(The data)

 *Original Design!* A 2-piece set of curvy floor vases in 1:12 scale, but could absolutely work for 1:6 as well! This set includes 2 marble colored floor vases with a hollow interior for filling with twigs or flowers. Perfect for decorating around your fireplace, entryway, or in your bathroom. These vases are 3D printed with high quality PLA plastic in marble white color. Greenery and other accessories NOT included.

(End The data)
(The data)

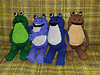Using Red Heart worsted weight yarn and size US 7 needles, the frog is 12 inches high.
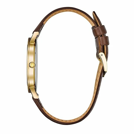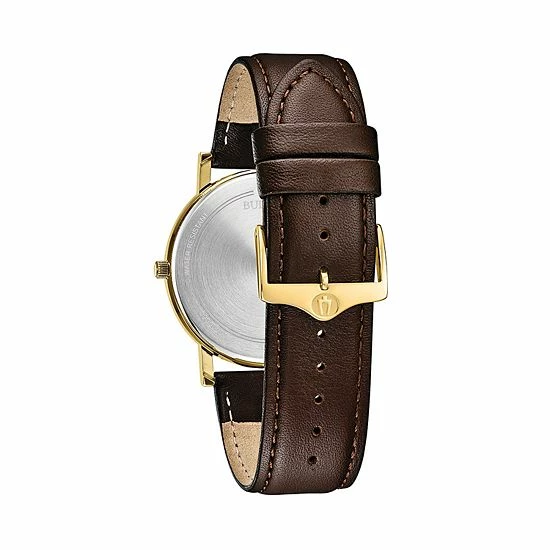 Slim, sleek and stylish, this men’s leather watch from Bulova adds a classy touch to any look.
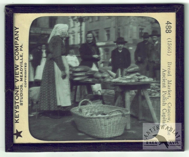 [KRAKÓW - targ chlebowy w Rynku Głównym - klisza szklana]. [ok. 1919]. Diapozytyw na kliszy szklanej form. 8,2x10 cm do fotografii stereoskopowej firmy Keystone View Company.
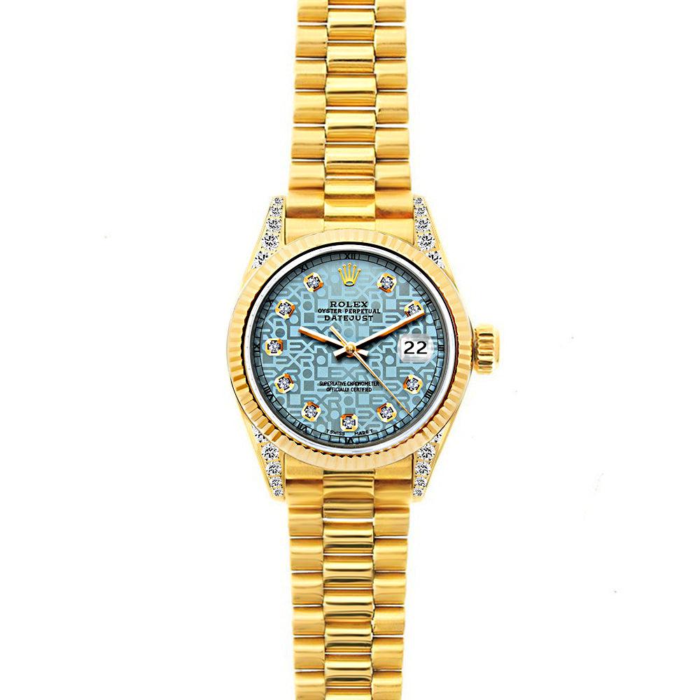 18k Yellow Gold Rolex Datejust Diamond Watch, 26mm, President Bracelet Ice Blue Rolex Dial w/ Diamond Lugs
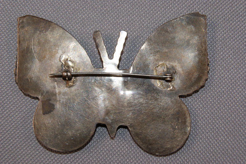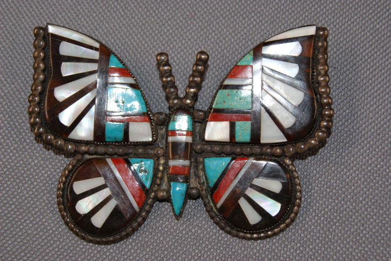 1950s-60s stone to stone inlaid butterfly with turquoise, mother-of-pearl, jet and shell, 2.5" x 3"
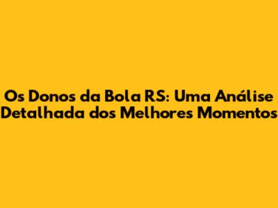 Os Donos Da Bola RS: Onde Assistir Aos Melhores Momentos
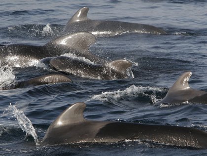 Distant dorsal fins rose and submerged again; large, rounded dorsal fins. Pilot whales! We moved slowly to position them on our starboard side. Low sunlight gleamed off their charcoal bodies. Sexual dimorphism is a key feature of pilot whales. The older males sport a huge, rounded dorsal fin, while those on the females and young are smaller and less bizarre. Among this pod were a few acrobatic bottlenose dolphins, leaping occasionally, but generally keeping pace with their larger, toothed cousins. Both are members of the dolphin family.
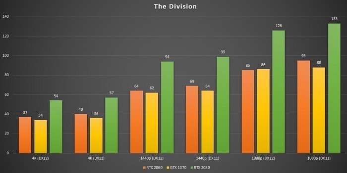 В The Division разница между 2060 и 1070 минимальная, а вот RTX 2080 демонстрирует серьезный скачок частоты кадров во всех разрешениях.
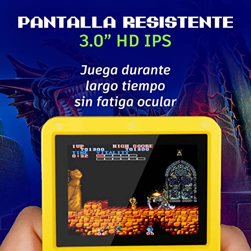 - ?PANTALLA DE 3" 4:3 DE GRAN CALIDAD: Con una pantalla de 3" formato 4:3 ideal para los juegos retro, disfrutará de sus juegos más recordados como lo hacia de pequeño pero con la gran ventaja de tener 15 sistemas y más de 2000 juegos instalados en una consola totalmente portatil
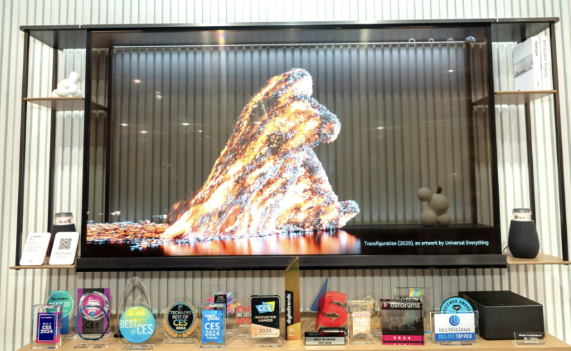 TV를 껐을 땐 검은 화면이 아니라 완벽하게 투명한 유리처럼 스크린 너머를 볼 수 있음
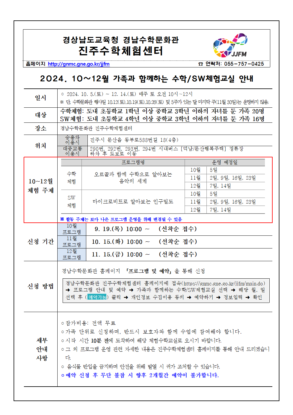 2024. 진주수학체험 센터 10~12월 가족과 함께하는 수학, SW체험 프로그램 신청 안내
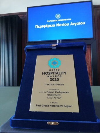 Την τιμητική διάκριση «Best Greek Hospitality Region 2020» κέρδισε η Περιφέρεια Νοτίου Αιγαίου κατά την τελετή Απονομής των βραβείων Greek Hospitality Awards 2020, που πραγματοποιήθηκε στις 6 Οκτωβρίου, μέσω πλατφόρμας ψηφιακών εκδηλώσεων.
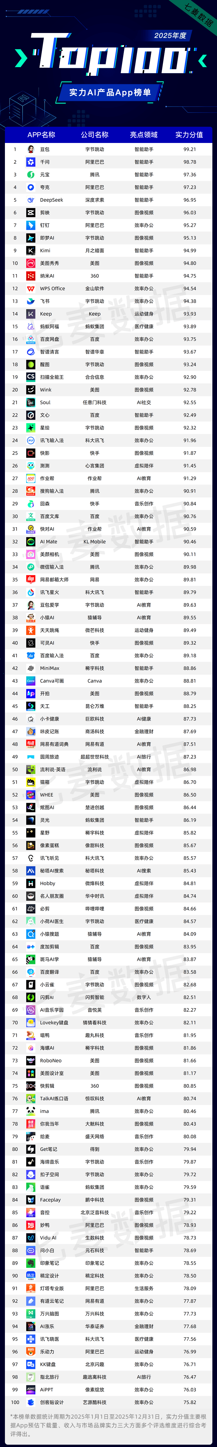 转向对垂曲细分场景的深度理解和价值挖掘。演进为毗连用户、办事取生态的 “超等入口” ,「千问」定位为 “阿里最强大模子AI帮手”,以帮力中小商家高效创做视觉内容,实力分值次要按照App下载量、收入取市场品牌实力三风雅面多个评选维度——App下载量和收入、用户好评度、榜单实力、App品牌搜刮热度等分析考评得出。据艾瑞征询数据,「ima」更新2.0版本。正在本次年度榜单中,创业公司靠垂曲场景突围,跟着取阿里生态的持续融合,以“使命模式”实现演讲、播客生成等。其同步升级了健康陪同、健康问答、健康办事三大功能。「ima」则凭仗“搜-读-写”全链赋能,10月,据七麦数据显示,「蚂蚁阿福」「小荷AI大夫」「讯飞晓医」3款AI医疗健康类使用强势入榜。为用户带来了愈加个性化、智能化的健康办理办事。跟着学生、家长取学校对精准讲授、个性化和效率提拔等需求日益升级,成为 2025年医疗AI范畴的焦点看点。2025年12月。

(End The data)
(The data)

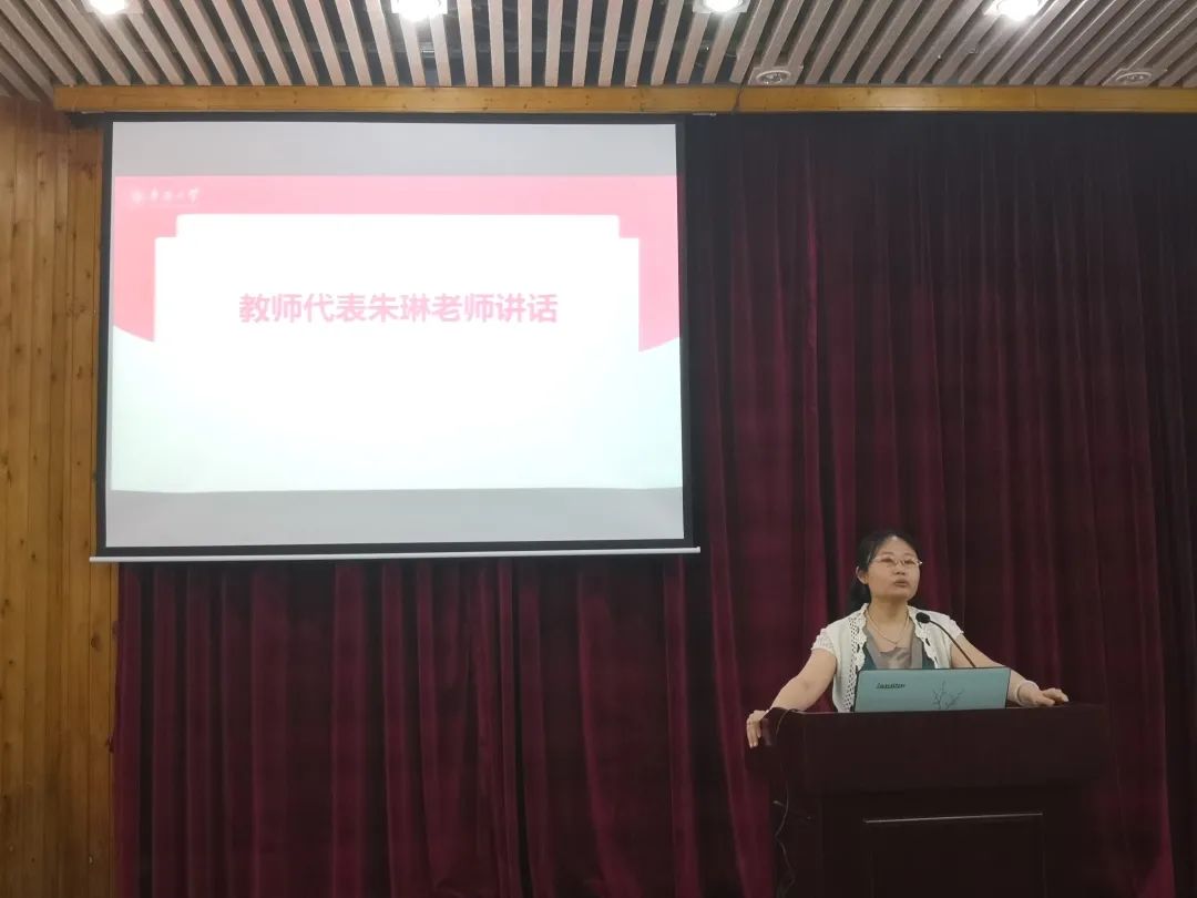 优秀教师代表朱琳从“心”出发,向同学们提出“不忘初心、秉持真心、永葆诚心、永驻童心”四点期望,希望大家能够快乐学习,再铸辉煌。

(End The data)

Assignment – Look above for the line with "Distant dorsal fins" and copy exactly from it through the line with "2024. 진주수학체험 센터", both included. Omit the pictures.

Response area –
 Distant dorsal fins rose and submerged again; large, rounded dorsal fins. Pilot whales! We moved slowly to position them on our starboard side. Low sunlight gleamed off their charcoal bodies. Sexual dimorphism is a key feature of pilot whales. The older males sport a huge, rounded dorsal fin, while those on the females and young are smaller and less bizarre. Among this pod were a few acrobatic bottlenose dolphins, leaping occasionally, but generally keeping pace with their larger, toothed cousins. Both are members of the dolphin family.
 В The Division разница между 2060 и 1070 минимальная, а вот RTX 2080 демонстрирует серьезный скачок частоты кадров во всех разрешениях.
 - ?PANTALLA DE 3" 4:3 DE GRAN CALIDAD: Con una pantalla de 3" formato 4:3 ideal para los juegos retro, disfrutará de sus juegos más recordados como lo hacia de pequeño pero con la gran ventaja de tener 15 sistemas y más de 2000 juegos instalados en una consola totalmente portatil
 TV를 껐을 땐 검은 화면이 아니라 완벽하게 투명한 유리처럼 스크린 너머를 볼 수 있음
 2024. 진주수학체험 센터 10~12월 가족과 함께하는 수학, SW체험 프로그램 신청 안내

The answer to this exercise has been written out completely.